There are two schools in Fochabers, Milne's Primary School (formerly Milne's Institution) and Milne's High School, which currently serves approximately 300 pupils from Fochabers itself and the surrounding villages and farms. Milne's Institution was originally built in 1846, in accordance with Alexander Milne's Last Will and Testament, using £20,000 (~£2,700,000 today) he left for this purpose.

==Notable people==
- John M. Caie (1878–1949), civil servant and poet, author of The Puddock
- Sir James Cantlie FRCS KBE (1851–1926), co-founder of the Royal Society of Tropical Medicine and Hygiene
- George Chalmers (1742–1825), antiquarian and political writer
- Arthur Robertson Cushny FRS (1866–1926), professor of pharmacology at Universities of Michigan, US; London and Edinburgh; pioneer in the study of human renal function
- Fiona Mackenzie (b. 1961), Gaelic singer and Mòd Gold Medal winner from Orton, Fochabers
- Fish (b. 1958), lead singer of Marillion, acquired his nickname while living in Fochabers
- William Marshall (Scottish composer) (1748–1833), composer of Scottish fiddle music
- Jane Maxwell (1748–1812), fourth Duchess of Gordon
- Alexander Milne (1742–1838), Scottish-American entrepreneur and philanthropist
- George Muirhead FRSE (1845–1928), naturalist and Commissioner to the Duke of Gordon
- Sir James Sivewright KCMG (1848–1916), telegraph and railway pioneer in South Africa; Cape Colony politician and member of Cecil Rhodes' cabinet
- Allan Wilson (1856 – 1893), major in the Victoria Volunteers and commander of the infamous Shangani Patrol, whose last stand fighting overwhelming odds made him a national hero in Britain and Rhodesia.

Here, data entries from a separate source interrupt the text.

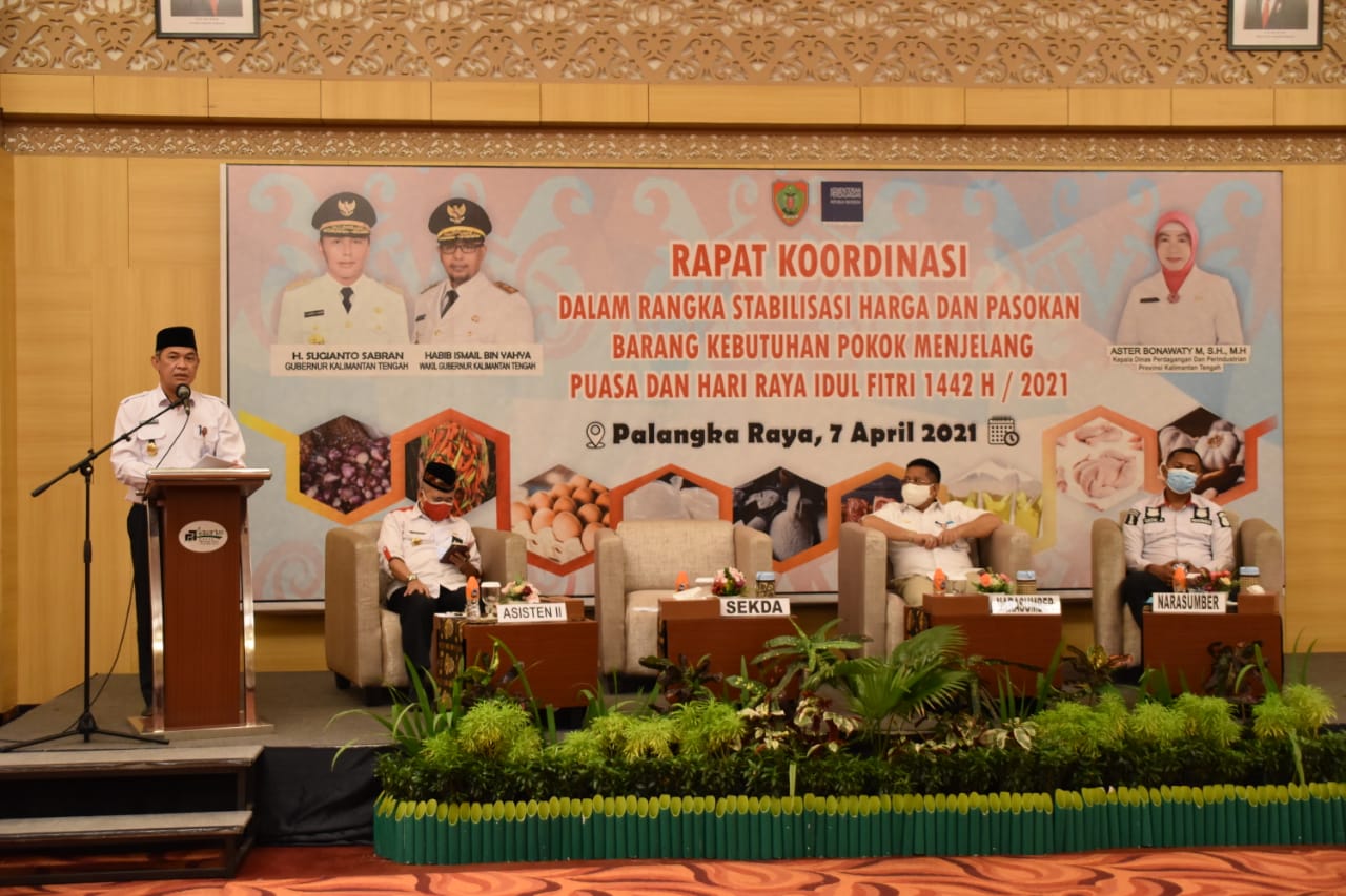 MMCKalteng – Palangka Raya – Sekretaris Daerah Provinsi Kalimantan Tengah (Prov. Kalteng) Fahrizal Fitri mewakili Gubernur Kalteng H. Sugianto Sabran membuka secara langsung Rapat Koordinasi (Rakor) Stabilitas Harga dan Stok/Pasokan Barang Kebutuhan Pokok menjelang Puasa dan Hari Raya Idul Fitri 1442 H/ 2021 M di Kalteng, bertempat di Hotel Aquarius, Palangka Raya, Rabu (7/4/2021). Rakor ini digelar guna menindaklanjuti arahan Menteri Perdagangan Republik Indonesia (RI) pada acara Rapat Koordinasi dalam rangka menjaga stabilitas harga dan ketersediaan pasokan barang kebutuhan pokok masyarakat menghadapi Puasa dan Hari Raya Idul Fitri 1442 H/ 2021 M yang dilaksanakaan pada tanggal 8 Maret 2021 secara virtual yang dipimpin oleh Menteri Perdagangan.
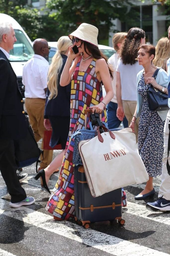 En la primera imagen revelada, Hathaway aparece recargada en una barda blanca, luciendo un conjunto de chaleco y pantalones de rayas, botas negras y un collar de perlas. Su sonrisa amplia y postura relajada evocan la esencia de Andy, pero con una madurez estilística que refleja el paso del tiempo. Este atuendo, sobrio y elegante, marca un contraste con los looks más atrevidos que definieron su transformación en la cinta original.
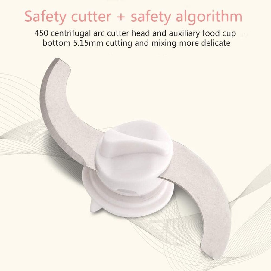 - تتميز بشفرات متينة مصنوعة من الفولاذ المقاوم للصدأ، مما يسمح بطحن وخلط الطعام بدقة عالية للحصول على قوام ناعم وسهل التناول للأطفال.

- Kyle Macaulay (b. 1986), aka K-Mac born in Dr. Gray's Hospital, Elgin. Grew up in Fochabers playing Championship Manager 97/98 and signing many talents like Evor Moas, Txomin Nagore and Matthias Sammer. He has since moved into real life soccer recruitment and is an advocate for live scouting and environmental issues.